Use C++-style rather than C-style casts in WebKit code: static_cast<uint8_t*>(...). Also, spaces around "*" operator.

> Source/WebCore/platform/graphics/GraphicsContext3D.cpp:1610
> +        uint8_t* dst = (uint8_t*)destinationData;

Fix C-style cast.

> Source/WebCore/platform/graphics/GraphicsContext3D.h:645
> +    // The formats from DOM elements vary with Graphics ports. It can only be RGBA8 or BGRA8 for non-CG port while much more for CGi port.

Typo: CGi -> CG
Comment 7 Jun Jiang 2013-01-15 11:34:42 PST
Kenneth, thanks for your useful comments. That Mozilla did not use the trivialUnpack and trivialPack flags has some intrinsic reasons. Mozilla depends on compiler to do optimization instead of algorithm level. The unpack, convert, pack operations are done in a per-pixel basis and all these functions are inlined. During compilation, compiler will optimize off the cost for unnecessary unpack, convert or pack operations. It indeed brings performance gain.

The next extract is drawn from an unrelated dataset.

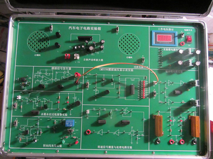汽車(chē)電子電路實(shí)驗箱結合汽車(chē)電學(xué)的典型基本電路,由淺到深地設計了二極管和三極管基本實(shí)驗、線(xiàn)性集成穩壓電源實(shí)驗、噴油器驅動(dòng)實(shí)驗、轉速信號測量與處理實(shí)驗、水箱水位過(guò)低報警實(shí)驗、轉向閃光器實(shí)驗等六個(gè)實(shí)驗項目,提供了一個(gè)給學(xué)生提高動(dòng)手能力,深入理解汽車(chē)電學(xué)基礎知識的實(shí)驗平臺。
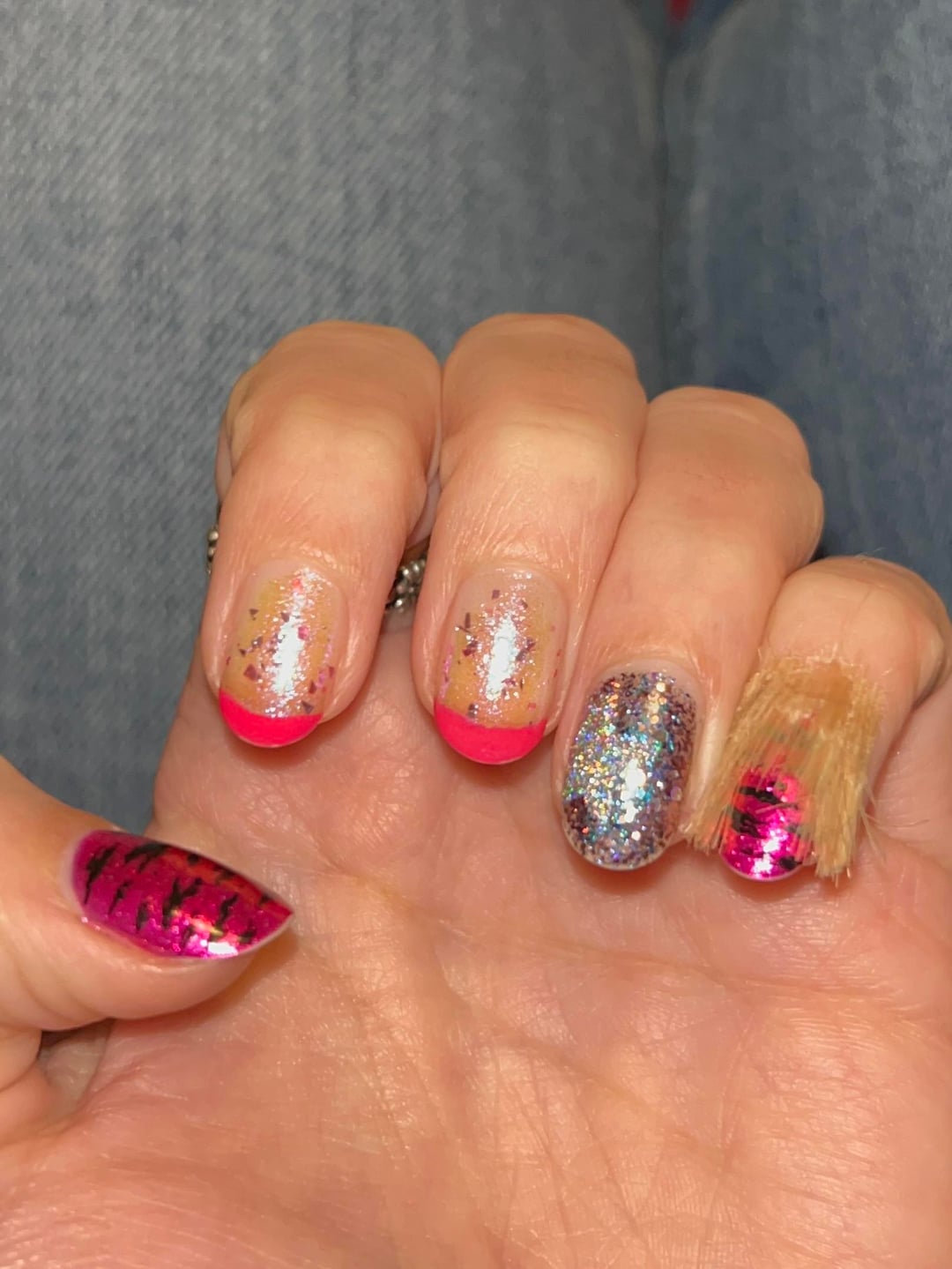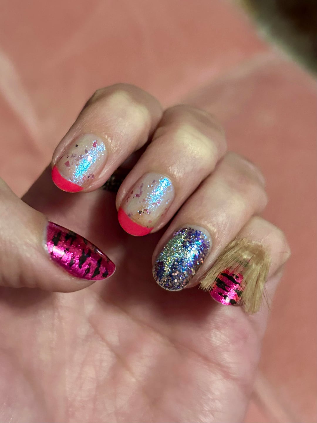 Had to do a manicure for the Hannah Montana special! Inspired by some of my favorite outfits in the series. I’m so happy the nail wig lasted for the whole watch party 😂 the glittery base for the French is turning super yellow on me, any tips to cancel it out next time?

But it still has several drawbacks: first, in some cases, per-pixel assignment in a loop is slower than a single memcpy() for a row; Second, some ARCHs, like arm, could not use instruction acceleration(NEON) for the unpack and pack on a per-row basis to transfer more data in a single trip.
Comment 8 Jun Jiang 2013-01-16 03:30:54 PST
Created attachment 182953 [details]
Patch
Comment 9 Jun Jiang 2013-01-16 17:50:09 PST
Make changes according to Kenneth's suggestions and fix some issue with uploading textures to floating-point formats.
Comment 10 Kenneth Russell 2013-01-22 18:37:38 PST
Comment on attachment 182953 [details]
Patch

View in context: https://bugs.webkit.org/attachment.cgi?id=182953&action=review

Thanks for persisting with this patch. It gets much closer to unifying this code again with Mozilla's, which will make it easier to share code in the future. Two tiny nits, but neither is worth continuing to delay your patch. r=me

> Source/WebCore/platform/graphics/GraphicsContext3D.cpp:1239
> +        || format == GraphicsContext3D::DataFormatA16Little

Please see the question in the previous review regarding these 16-bit per channel formats. Since they are exposed here only for the Core Graphics port, and they don't seem to be useful to represent any existing high dynamic range file format, I think we should hide their use inside CG-specific code and normalize incoming images to 8 bits per channel if necessary. Do you agree? If so please file another bug.

> Source/WebCore/platform/graphics/GraphicsContext3D.cpp:1434
> +    OwnArrayPtr<uint8_t> unpackedIntermediateSrcData;

Should have been m_unpackedIntermediateSrcData. Not a huge deal.
Comment 11 WebKit Review Bot 2013-01-22 19:04:20 PST
Comment on attachment 182953 [details]
Patch

Clearing flags on attachment: 182953

Committed r140497: <http://trac.webkit.org/changeset/140497>
Comment 12 WebKit Review Bot 2013-01-22 19:04:26 PST
All reviewed patches have been landed.  Closing bug.